Hearing the pain under the anger filled me with regret. "I didn't move it because I wanted you to care enough about our relationship to ask me to move it."

"And I wanted you to care enough about it for me not to have to ask, Sherlyn! How the hell did you expect me to find it easy to admit how I felt when I always felt as if I had to compete with him and his god damned perfect self who never hurt you while I seemed to do nothing but hurt you?"

I blinked back tears, realizing I'd played a part in the misery I'd known since our breakup. "You didn't have to compete with him."

"The hell I didn't. I'm still competing with him—and now there's the fucking Reddorn too!"

"Shane..." I shook my head. "I was lonely and Shane made me feel attractive and wanted. I probably could have been happy with him if not for Janine, but you must know by now that you've never had any real competition, Darkwater."

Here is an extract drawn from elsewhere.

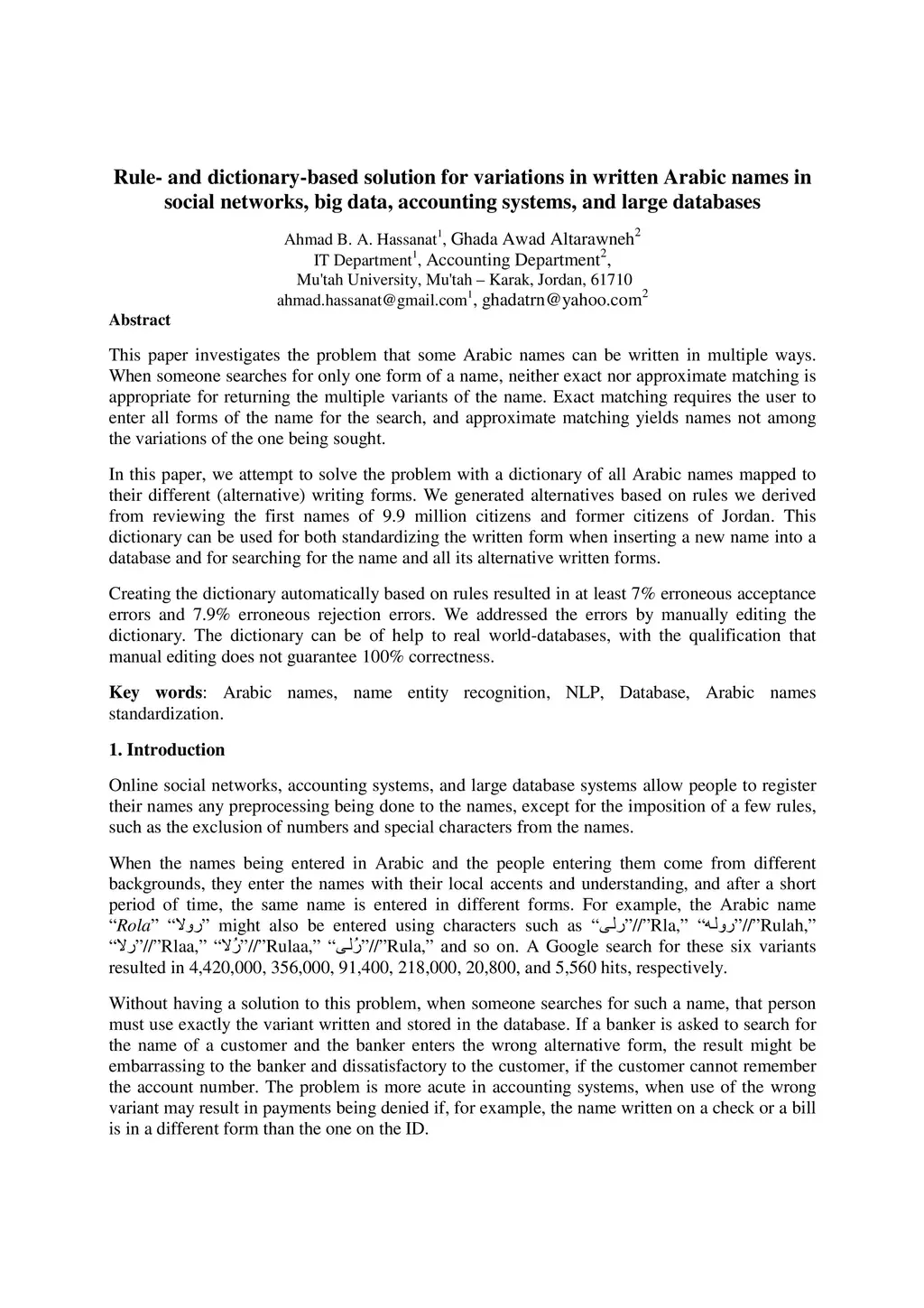Names in Social Networks, Big Data, Accounting Systems and Large Databases

"And that's another thing. Why the hell do you keep calling me Darkwater when you know I prefer Thomas?"

I shrugged. "Because that's who I fell in love with...Darkwater."

"What? In case you haven't notice, Sherlyn, I'm only one person."

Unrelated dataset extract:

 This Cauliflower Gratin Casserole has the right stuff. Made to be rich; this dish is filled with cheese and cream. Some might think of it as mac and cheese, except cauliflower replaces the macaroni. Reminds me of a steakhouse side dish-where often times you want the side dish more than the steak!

I shook my head. "Oh, no. Thomas was Am's big brother who didn't know I was alive. Darkwater...he was the man of my fantasies who I fell so deeply in love with that I now know I'll love forever. No matter who I meet or who I end up with, a part of my heart will always belong to him...to you, Darkwater."

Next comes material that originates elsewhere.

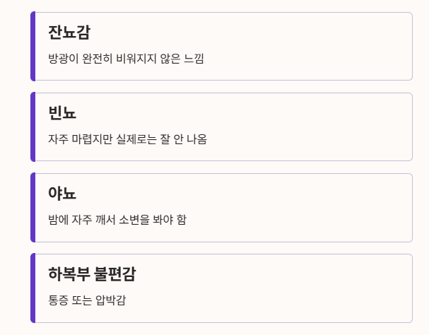 - 방광이 꽉 찬 느낌 또는 잔뇨감(완전히 비워지지 않은 느낌)
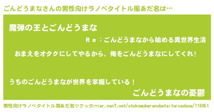 | 女子向けラノベタイトル風あだ名 | 『ごんどうまな夫妻のなれそめ』 |

He stared at me. "Who you end up with? Are you dense or are you just trying to fuck me off, Sherlyn?"

"What do you mean?"

He curled his fingers in my hair and pressed his forehead against mine. "I mean you're mine. My days of and interest in sleeping with anyone but you are over. I want what my father had: the love of a woman I'd be willing to work 60-70 hours a week to take care of.

"My father warned us not to marry until we were so deeply in love that a beautiful woman walking naked in front of us wouldn't tempt us to stray for even a moment. I've reached that point in my life, Sherlyn. I no longer have a sexual interest in any other woman. I'm totally in love with you and I'd willingly work 70 hours a week to give you what you needed if I had to.

"Everything that I have or will have, I'll happily share with you...my time...my money...my heart. They're all yours to do with as you will."

"Oh...Darkwater. Having enough money not to have to worry about being laid off and unable to pay bills would be nice, but it's your time and heart I need. Give me those and I'd happily work 70 hours a week to help make ends meet and come home to wait on you and fulfill all your needs."

"If you can forgive me and have me, I want you as my wife and the love of my life because that's what you are: the love of my life."

I pulled away and stared at him through a flood of tears.

"What do you say, my sweet, sweet girl and the remedy for all my aches, pains, and miseries. Will you be the remedy for everything wrong in my life? Will you marry me?"

And just like that, with one question, he made nonsense of all the years of pain and anguish I'd suffered loving him. "Yes," I whispered. "Oh, yes and yes again!"

He drew me down onto the bed, turned me on my back, and slipped between my thighs as he kissed me slowly.

I closed my eyes and stroking my fingers down his back to his ass, I rubbed myself against his cock until I felt him thickening and hardening against me. Then I reached between our bodies and pressed the big, pulsing head against my slit.